_Description of the task_.
Could you reproduce, from the records below, everything from the line with "An example of" down to the line with "050717-N-9698C-020 San Diego", keeping both of those lines and changing nothing?

_Data to use_.
--- START ---

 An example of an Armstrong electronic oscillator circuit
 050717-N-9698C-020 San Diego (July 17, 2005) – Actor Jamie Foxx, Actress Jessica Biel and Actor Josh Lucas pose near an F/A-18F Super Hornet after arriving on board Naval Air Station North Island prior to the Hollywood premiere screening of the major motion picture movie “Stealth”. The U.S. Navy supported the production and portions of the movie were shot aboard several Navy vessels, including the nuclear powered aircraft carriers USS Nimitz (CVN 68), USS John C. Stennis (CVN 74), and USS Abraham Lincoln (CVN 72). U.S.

--- END ---
--- START ---

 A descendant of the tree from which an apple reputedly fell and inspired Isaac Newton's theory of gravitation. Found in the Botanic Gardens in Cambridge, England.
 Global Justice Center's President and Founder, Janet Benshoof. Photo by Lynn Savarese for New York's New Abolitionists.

--- END ---

_Finished exercise_.
 An example of an Armstrong electronic oscillator circuit
 050717-N-9698C-020 San Diego (July 17, 2005) – Actor Jamie Foxx, Actress Jessica Biel and Actor Josh Lucas pose near an F/A-18F Super Hornet after arriving on board Naval Air Station North Island prior to the Hollywood premiere screening of the major motion picture movie “Stealth”. The U.S. Navy supported the production and portions of the movie were shot aboard several Navy vessels, including the nuclear powered aircraft carriers USS Nimitz (CVN 68), USS John C. Stennis (CVN 74), and USS Abraham Lincoln (CVN 72). U.S.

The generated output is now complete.